There are many factors which go towards making the perfect trail ride. For me, since I live in a great mountain biking area, it really needs to start from home. There’s no point in spending more time loading the bike into and out of a car and driving to the start of a ride and back than I’d spend actually riding. I often want a ride to last around 2 hours which on an almost exclusively off road trail will take me around 15 miles. Since we can get rain at any time of year in the north west of England I need to take the likely state of the ground into account. Some great dry weather trails can be dismal in the damp. On my last ride I almost had the perfect ride but stayed in the valley of Black Brook for too long until it became rocky and at times unrideable. This left me too far down the hill so I missed out on a fabulous section of downhill. So today I wanted to change things a little to see how close to perfection I could get it.
I used a mixture of road and off road to White Coppice then elected to ride the technical side of the river for added interest. In short I rolled to the ground twice, banging my elbow on a rock the second time. I think I was looking at a familiar, highly technical trail as if it was going to be easy. I wasn’t putting in the concentration and effort and paid the price. Twice. The remainder of the climb to the high point is easier but I knew I was finding it harder than on my last ride.
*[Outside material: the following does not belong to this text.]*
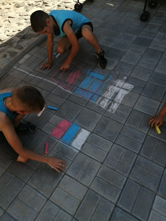конкурс рисунков на асфальте : " Люблю свою Родину".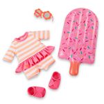Margot vem com um maiô esportivo listrado com babados rosa, óculos de sol florais, sandálias peep-toe e uma boia inflável temática de picolé, que pode ser inflada de verdade, trazendo ainda mais diversão às brincadeiras. Compatível com acessórios e roupas de 46 cm, essa boneca estimula a imaginação, o faz de conta e a criatividade, tornando-se uma companhia perfeita para momentos inesquecíveis.

I don’t know why I should have been lower on energy but I simply was. I reached the summit in 1 hour and 8 minutes then used a stone slab path for a rapid and exciting first descent.
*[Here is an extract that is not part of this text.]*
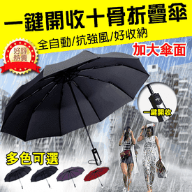 全自動特大號10骨黑膠摺疊雨傘 藏青/黑/酒紅/灰

Mountain biking is a unique sport. The climbs are often steep, adding further challenge with rocks and roots. Even a level section can offer technical difficulties with all kinds of obstacles trying to halt your progress. It’s when the trail turns downwards that is the highlight for most riders and this is where bravado meets fear in a bare knuckle fist fight.


I rediscovered the next segment on my last ride and must somehow have forgotten just how good it is previously. It’s a natural flow trail across the moor and, although it never seems to drop too steeply, it’s fabulously fast. I only allowed fear to gain the upper hand once, as far as I remember, and grabbed the brakes. Admittedly I could have got a lot more power in and more speed out for much of the way. Instead of continuing to the side of Black Brook as I had last time I’d used the superb resource of Google Earth to find an alternative. On the ground, though, I found something even better. A fork in the trail became little more than a lumpy sheep track but it got me straight to the ruins of Halliwell’s farm to descend for three quarters of a mile on gravel. This lead me to the sensational segment which I’d missed out on last time.
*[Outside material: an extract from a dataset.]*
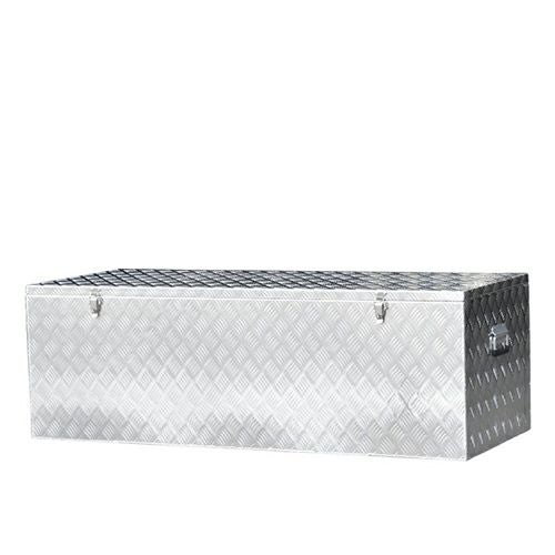 トラックの荷台にジャストサイズ!万能アルミボックス!大切な荷物を埃や雨からガード!軽トラや2t車の荷台にジャストサイズ。雨水が侵入しにくい構造。南京錠の取り付けが可能!防犯対策に。両側には持ち運びに便利な取っ手が付いています。蓋の内側にはダンパーが付いてるので、不意に蓋が閉まる心配がありません。

I battled along the top of Brinscall Woods, which always seems to want to slow you, and after hopping over 2 unrideable obstacles like a cyclocrosser, I rode my very favourite downhill descending to the river. I rode back to Healey Nab for a final climb and drop and followed an alternative, longer route down than I usually do. I’d thought of it whilst walking my dog earlier and it worked well. I used the old route from before last year’s tree felling and linked it to a section which was newly created just a few weeks ago. It takes you into the next section unaccustomedly quickly. This section has always seemed a bit too much for my older bikes with short travel suspension but at this speed it was too much for the 130/140 mm springing of the Boardman. This was the only point on the ride which gave the Boardman a problem. The rest had gone very well. I rode 15.91 miles in 2 hours and 8 minutes with 1,490 of ascent.
So was it the perfect trail ride? I honestly think that from home, with the current trail conditions, there was no way I could have had more fun.